Encerrado o primeiro ciclo de votação no julgamento da Ação Penal 470, o processo do mensalão, advogados de defesa dos réus e criminalistas que acompanham o julgamento questionam se o Supremo Tribunal Federal, ao decidir pelas primeiras condenações, está ou não flexibilizando a jurisprudência sobre corrupção.
Os temas foram levados ao Plenário da alta corte nas sustentações orais dos advogados e ganharam, então, eco com a divergência aberta por dois ministros — Ricardo Lewandowski e Dias Toffoli — e com os votos pelas condenações. Debate-se a necessidade de um ato de ofício para se caracterizar o crime de corrupção, a problemática da lavagem de dinheiro, a obrigação do acusador de individualizar condutas ao imputar os tipos penais e o valor de indícios como prova.

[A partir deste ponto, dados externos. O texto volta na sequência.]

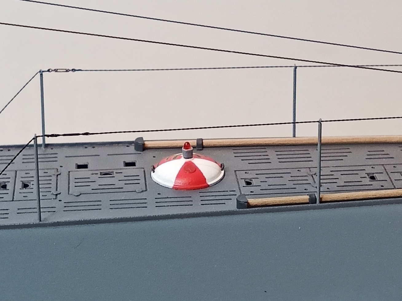 Очень красивая модель, мне особенно нравится окраска, ярко и чисто. Интересно, а что это за белые кружки в носовой части? Поздравляю с завершением.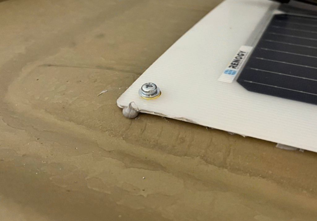 接着剤をソーラーパネルメーカーの指示通りに塗布したうえで、万が一走行時にソーラーパネルが吹き飛んだりしないようにルーフとボルト締結する方法です。

“É um pouco cedo para falarmos em mudança de jurisprudência”, afirmou à revista Consultor Jurídico o criminalista Thiago Bottino, professor de Direito Penal da Fundação Getúlio Vargas (FGV-Direito) do Rio de Janeiro. “Embora a ministra Rosa Weber tenha falado que não é necessário o ato de ofício para caracterizar a corrupção e tenha expressado ainda que o crime de corrupção pode ser formal, mas também material, tendo feito ainda várias considerações em torno do tema, acredito que, no caso concreto que julgaram, estão presentes todos os elementos tradicionais que caracterizam a corrupção", disse.
O criminalista se refere ao voto da ministra Rosa Weber, que ocupou breves 30 minutos na segunda-feira (27/8), quando a ministra falou sobre “delitos de poder” e a “elasticidade sobre a admissão de provas”. “Nos delitos de poder, quanto maior o poder ostentado pelo criminoso, maior a facilidade de esconder o ilícito. Esquemas velados, distribuição de documentos, aliciamento de testemunhas. Disso decorre a maior elasticidade na admissão da prova de acusação”, disse a ministra.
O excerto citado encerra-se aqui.